Один критик сказал о Блоке: «Четыре года, отделяющие нас от его смерти, примирили нас с нею, почти приучили нас к ней» [812].
Я парировала: «Если достаточно четырех лет, чтобы примириться со смертью такого поэта как Блок, то как обстоит дело с Пушкиным († 1836) {165}. И как с Орфеем (†)? Смерть любого поэта, пусть самая естественная, противоестественна, т.е. убийство, поэтому нескончаема, непрерывна, вечно — ежемгновенно — длящаяся. Пушкин, Блок и — чтобы назвать всех разом — ОРФЕЙ — никогда не может умереть, поскольку он умирает именно теперь (вечно!). В к_а_ж_д_о_м л_ю_б_я_щ_е_м з_а_н_о_в_о, и в к_а_ж_д_о_м л_ю_б_я_щ_е_м — в_е_ч_н_о». Поэтому — никакого примирения, пока мы сами не станем «мертвыми» [813]. (Приблизительно, по-русски было лучше.)

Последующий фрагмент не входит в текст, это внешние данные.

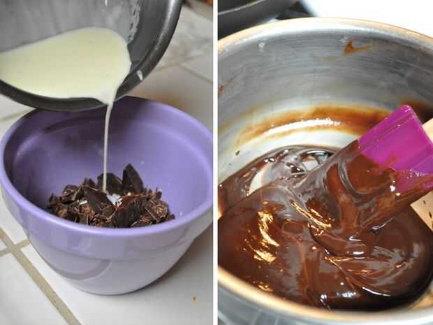 Para cualquier cantidad de chocolate se utiliza, calor alrededor de la mitad que la cantidad de crema en un baño María, revolviendo hasta que se formen pequeñas burbujas alrededor del borde.
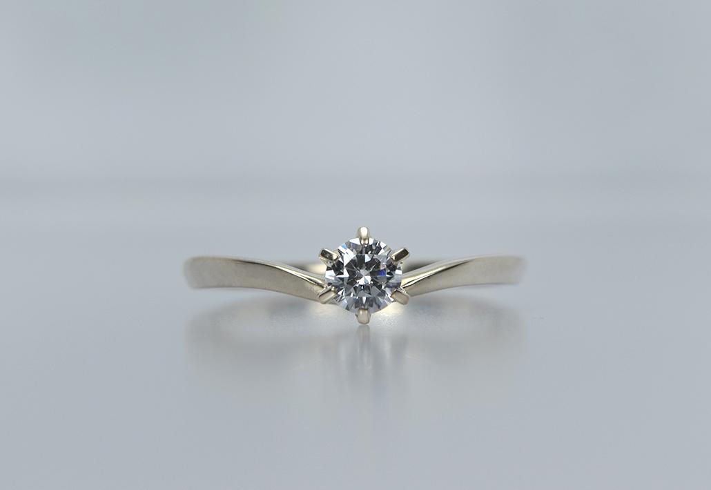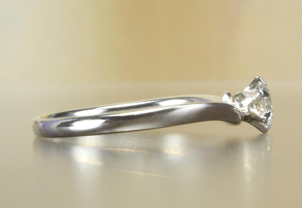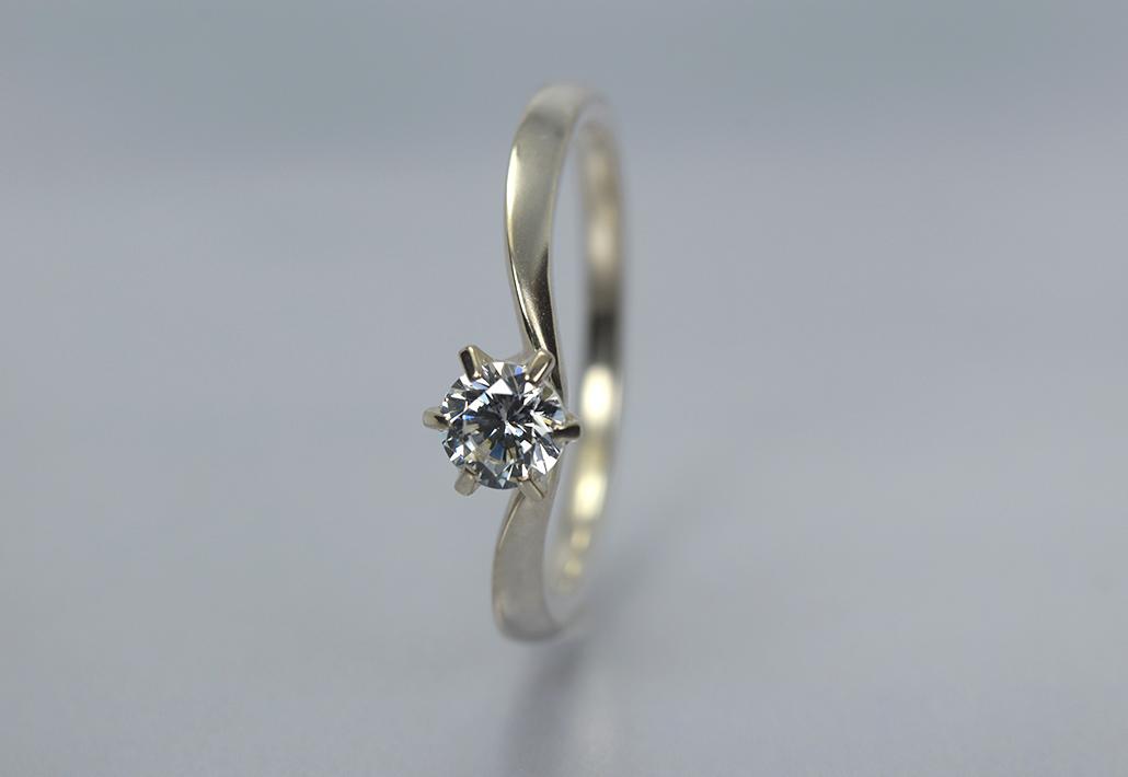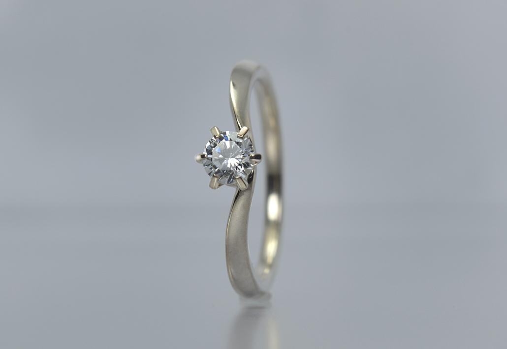 金属アレルギー対応ハフ二ウム婚約指輪|指が長く見えるVシェイプアームが羽ばたく羽根のイメージの EGhf-013-6P-001

Это, конечно, не имеет отношения к «литературе» (belles lettres {166}), поэтому меня высмеяли. Будь это стихи (поэт (глупец!), который осмеливается писать прозой!), будь это стихи, они бы промолчали, а может, и — вздохнули. Не древняя ли притча об Орфее и зверях, к которым принадлежали и — овцы?
Ты понимаешь, я неуязвима, ибо я не госпожа Цветаева, и т.д. и т.п., как они всё же считают. Но мне грустно: вечно-правдивая и вновь повторяющаяся история о поэте и толпе, — как бы хотелось, все-таки избавиться от этого!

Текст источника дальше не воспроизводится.